### Work required
Copy the opening lines of the listing exactly, through and including the line with "Queen made of"; do not copy any pictures.

### Records provided
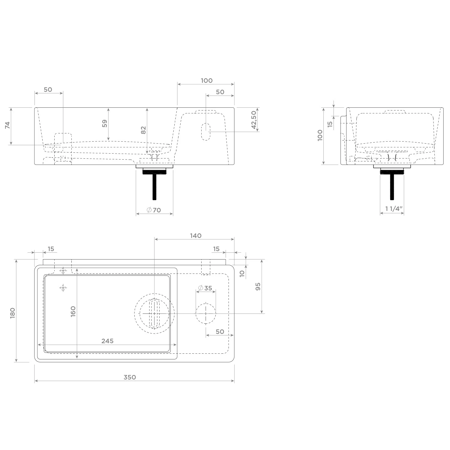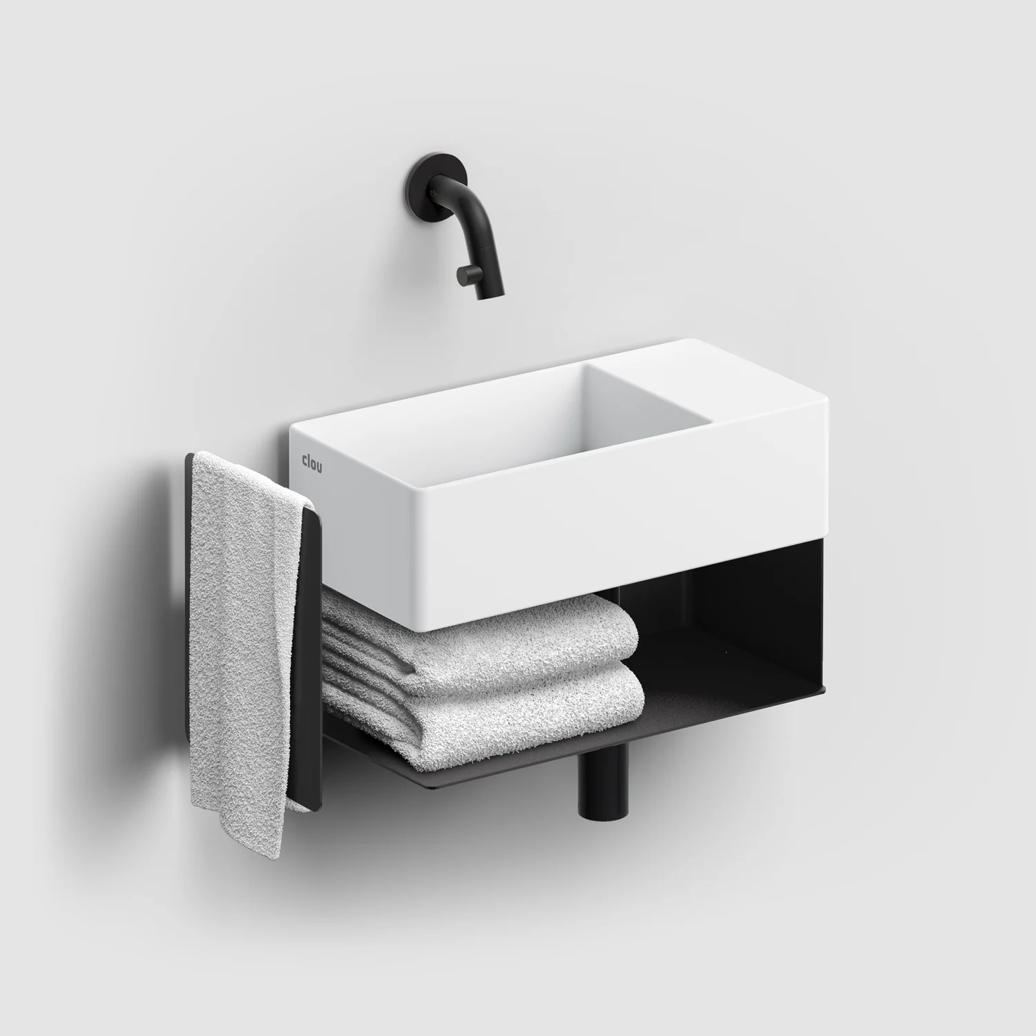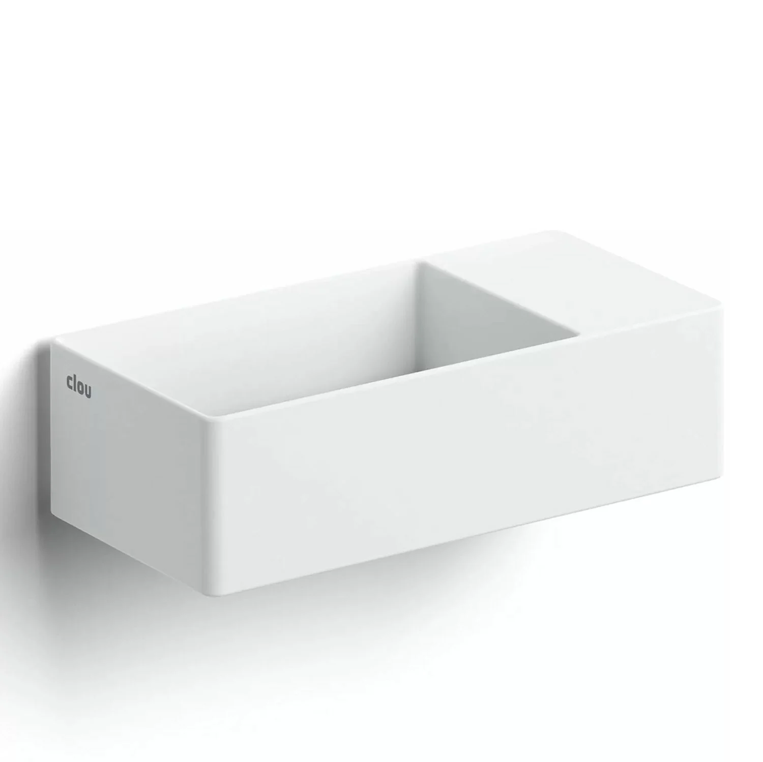 Clou New Flush 3 Right Aluite-Handwaschbecken 35 x 18 cm mit vorgestochenem Hahnloch rechts und Ablaufplatte
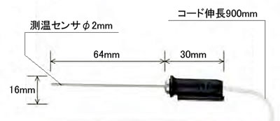 | ■特長 ●高確度で分解能も0.1℃と上位機種並に優れています。 ●測定に便利なデータホールド、MAX/MINホールド機能、相対値機能付。 ●本体と分離した測温センサ部使用により、測温部から離れての測定が可能です。 ●測温センサホルダにスベリ止めを付けていますので、安心して測定できます。 ●ポケットサイズながらワイドな測定範囲(-50.0℃~200.0℃)です。 ●無駄な電池消耗を防ぐオートパワーセーブ機能付。((操作終了30分後) ■センサー寸法 ![]() ■仕様
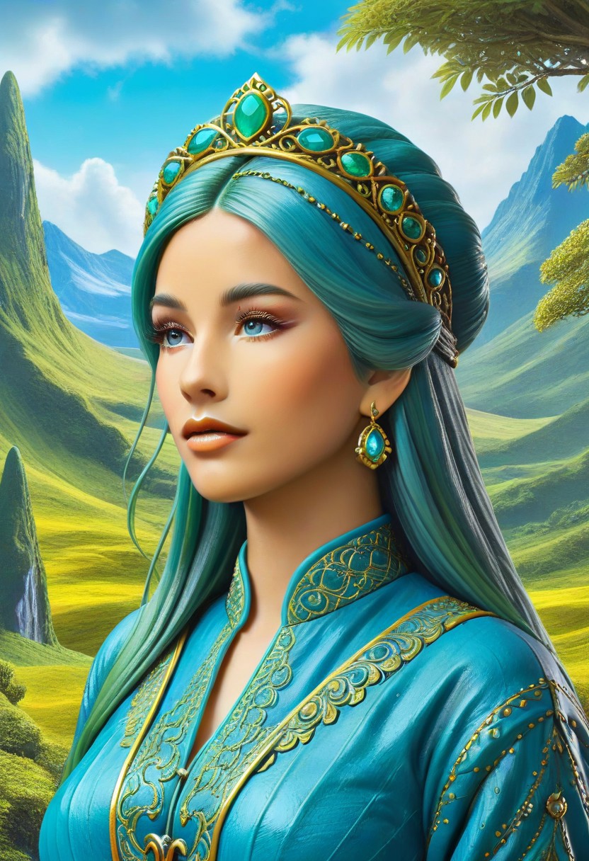 Queen made of dvr-pckl, magical landscape with enchanted elements, fantasy art style, slate blue theme, intricate details, ultra sharp, exquisite detail, flawless composition, vivid colors, masterpiece, Super model, portrait, stoic, expressionless, beautiful, photorealistic, UHD, 8K, masterpiece, detailed, ultra_high_resolution, lots of detail, YurYuna, modest, sfw, gorgeous, looks beautiful and aesthetic, colorful background, key visual, luxurious, artistic, high resolution, digital art, visual aesthetics, contemporary design, vibrant colors, artistic composition, elegant, intricate detailing, modern,
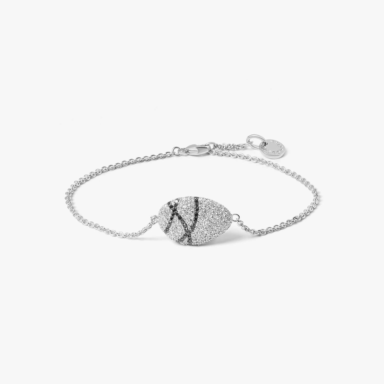 The Pebble Bracelet in Sterling Silver by Tateossian is an artful display of contrast and movement, formed in an irregular pebble shape and covered in a pavé setting of white and black diamonds. The crossover diamond pattern adds fluidity to the piece, making it both modern and organic. Designed on an adjustable trace chain with a lobster clasp, it offers versatile wear and a refined silhouette. This bracelet symbolizes harmony through the interplay of light and dark, perfect for those seeking a contemporary yet meaningful accessory.
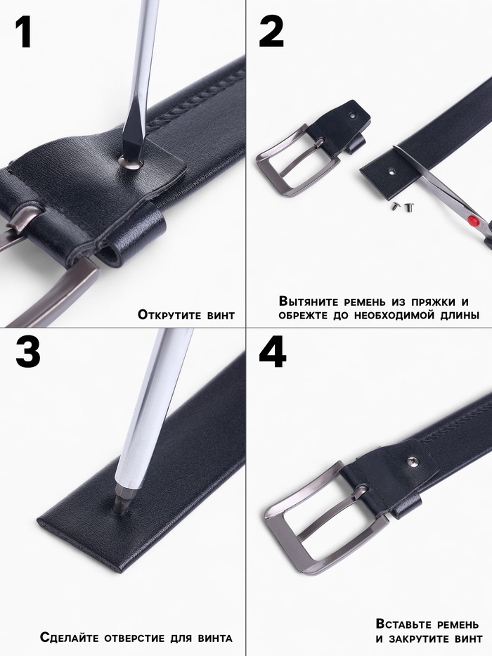 Ремень мужской, ширина 3.5 см, винт, один прокол, пряжка металл, чёрный — Характеристики
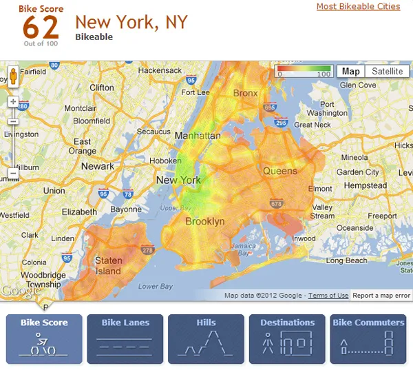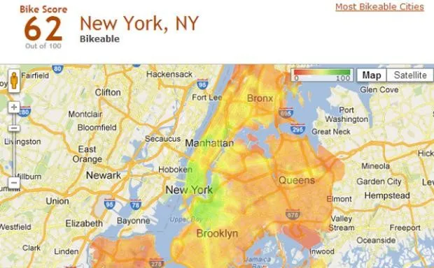 纽约市的自行车评分地图。(感谢 Walk Score)

### Reply
 Clou New Flush 3 Right Aluite-Handwaschbecken 35 x 18 cm mit vorgestochenem Hahnloch rechts und Ablaufplatte
 | ■特長 ●高確度で分解能も0.1℃と上位機種並に優れています。 ●測定に便利なデータホールド、MAX/MINホールド機能、相対値機能付。 ●本体と分離した測温センサ部使用により、測温部から離れての測定が可能です。 ●測温センサホルダにスベリ止めを付けていますので、安心して測定できます。 ●ポケットサイズながらワイドな測定範囲(-50.0℃~200.0℃)です。 ●無駄な電池消耗を防ぐオートパワーセーブ機能付。((操作終了30分後) ■センサー寸法 ![]() ■仕様
 Queen made of dvr-pckl, magical landscape with enchanted elements, fantasy art style, slate blue theme, intricate details, ultra sharp, exquisite detail, flawless composition, vivid colors, masterpiece, Super model, portrait, stoic, expressionless, beautiful, photorealistic, UHD, 8K, masterpiece, detailed, ultra_high_resolution, lots of detail, YurYuna, modest, sfw, gorgeous, looks beautiful and aesthetic, colorful background, key visual, luxurious, artistic, high resolution, digital art, visual aesthetics, contemporary design, vibrant colors, artistic composition, elegant, intricate detailing, modern,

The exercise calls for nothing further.